5) Test the colors first – Linh advises that “Some of the colours such as gold and silver glow less than others, so make sure you test them out first and mix them if necessary.”
6) You don’t need to go all out on expenses. You can pretty much get all you need cheaply in one site as the photographer revealed that “Getting all the supplies for the UV shoot was easier than I expected. I ordered the colours and two UV light tubes on Amazon, which were about £60 altogether.”
7) Use low wattage for subtle effects as Linh explained “As I did not want the glowing effect to be too extreme, I only used 20W UV lights, so this will depend on your personal style and taste.”
8) Using fabric as backdrops has its advantages. You can play with the effects of different backgrounds simply by changing the color or pattern of fabrics. Linh shared that “For the background, I bought curtain fabric which was dark but had interesting patterns on them which I wanted to be visible on the image.”
9) To get some back light in order to separate the model from the background, you can use fairy lights as the photographer has done on her shoot.
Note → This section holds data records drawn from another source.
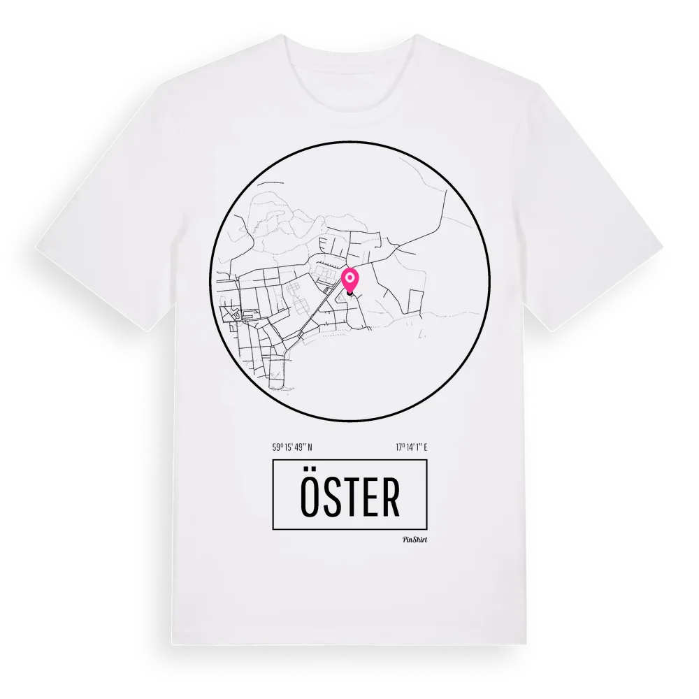 Ett rent, runt tryck med Östers namn. Minimalistiskt och stilrent – perfekt för den som känner platsen utan att skrika det. Premium bomull, unisex – från stadsdelen Öster i Södermanlands län.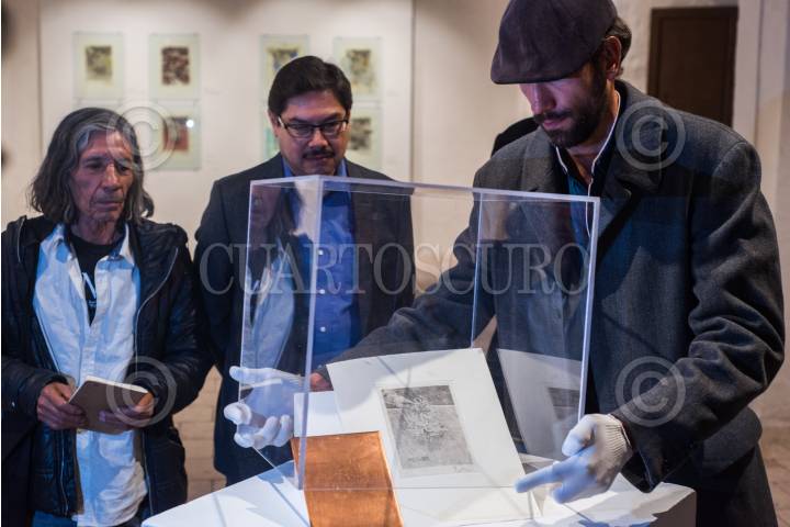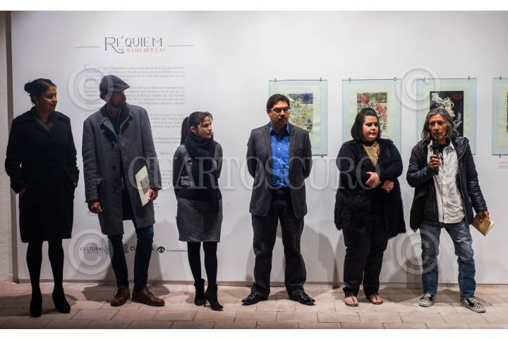 ZACATECAS, ZACATECAS, 2DICIEMBRE2017.- Alfonso Vázquez Sosa, director del Instituto de Cultura "Ramón López Velarde", acompañado por el pintor zacatecano, Jesús Reyes Cordero; encabezaron la inauguración de la exposición colectiva "Réquiem por Julio Ruelas" con motivo del 110 aniversario luctuoso de Julio Ruelas (Zacatecas 1870 - París 1907). La exposición que será itinerante se exhibe en el museo Pedro Coronel vincula la obra del zacatecano con la de 34 artistas que participaron en la intervención de "Medusa". FOTO: MISAEL VALTIERRA / CUARTOSCURO.COM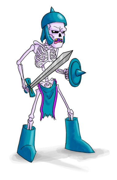 Die Tür wird von einem bewaffneten Skelett bewacht. Aufgeregt schnüffelt Domino an der Türschwelle, was dem Wächter missfällt.
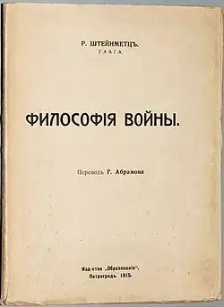• Штейнметц Р. Философия войны / Пер. с нем. Г. Абрамова. — Петроград: «Образование», 1915. — 328 с.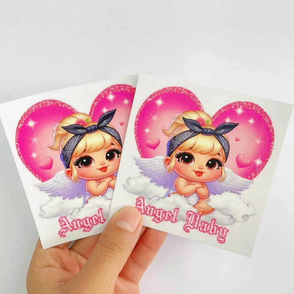Usine personnaliser petit bébé rose coeur conception imperméable décalcomanies uv dtf autocollant wraps transferts uv dtf wraps 16oz sur tasses

10) When asked if she can give us one last secret, Linh shared that getting the balance of lighting right is essential, “I think the secret lies in finding the perfect balance between the UV light and the ambient light, which is a matter of trial and error.”
There you have it, according to Linh Le, that’s basically all you need to set up a shoot with UV paints. Of course, shoot requirements may vary, depending on the result you want to achieve.
According to the photographer, the biggest challenge with doing UV shoots is to find the best lighting setup and camera settings and finding the right balance for your shoot can only be figured out through experimentation.
I hope this anyone who is thinking of doing a UV shoot and don’t know where to start. We’d love to see and hear about your results! Once again, we’d like to thank Linh Le from Hong Linh Photography for sharing her top tips for doing a shoot using UV paints. Do you have another tip? Post them in the comment section below.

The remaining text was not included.